Top-Down Knowledge Compilation for Counting Modulo Theories

TL;DR

This paper explores top-down knowledge compilation techniques for #SMT problems, extending methods from propositional #SAT to the more complex counting modulo theories setting, using DPLL(T) search traces.

Contribution

It introduces a top-down compilation strategy for #SMT based on DPLL(T) traces, advancing knowledge compilation methods beyond propositional logic.

Findings

Effective top-down compilation approach for #SMT

Extension of propositional #SAT techniques to #SMT

Potential for improved #SMT model counting efficiency

Abstract

Propositional model counting (#SAT) can be solved efficiently when the input formula is in deterministic decomposable negation normal form (d-DNNF). Translating an arbitrary formula into a representation that allows inference tasks, such as counting, to be performed efficiently, is called knowledge compilation.
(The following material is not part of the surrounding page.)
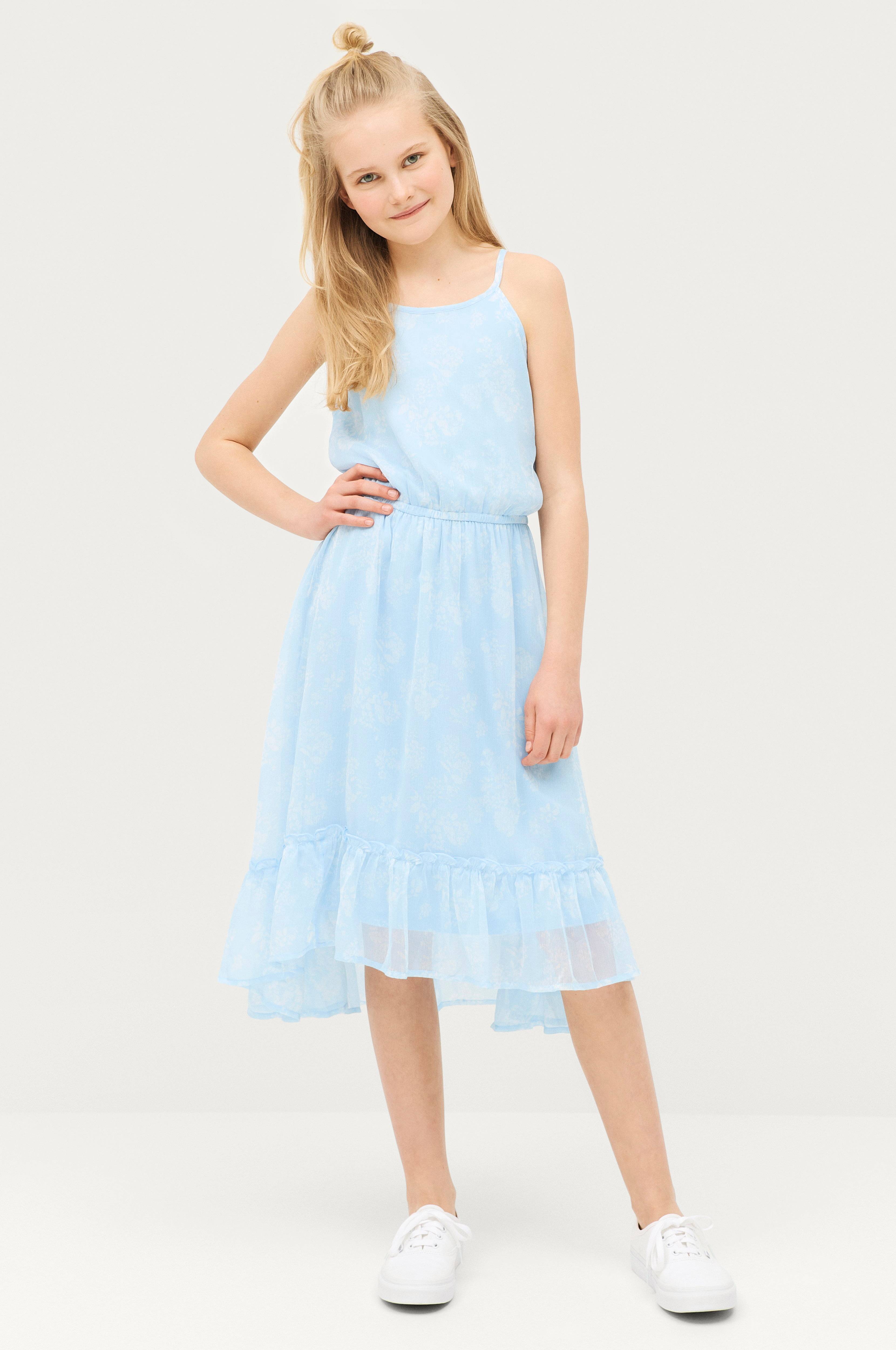 • Foret, ærmeløs kjole i chiffon med printet blomstermønster • Nøglehulsåbning med knap i nakken • Elastisk udskæring ved taljen • Volanter på skørtet • For i strækjersey • Produktet indeholder genindvundet materiale, som genbruges for at reducere mængden af affald samtidigt med at der ikke anvendes nye ressourcer.

Top-down knowledge compilation is a state-of-the-art technique for solving #SAT problems that leverages the traces of exhaustive DPLL search to obtain d-DNNF representations. While knowledge compilation is well studied for propositional approaches, knowledge compilation for the (quantifier free) counting modulo theory setting (#SMT) has been studied to a much lesser degree. In this paper, we discuss compilation strategies for #SMT. We specifically advocate for a top-down compiler based on the traces of exhaustive DPLL(T) search.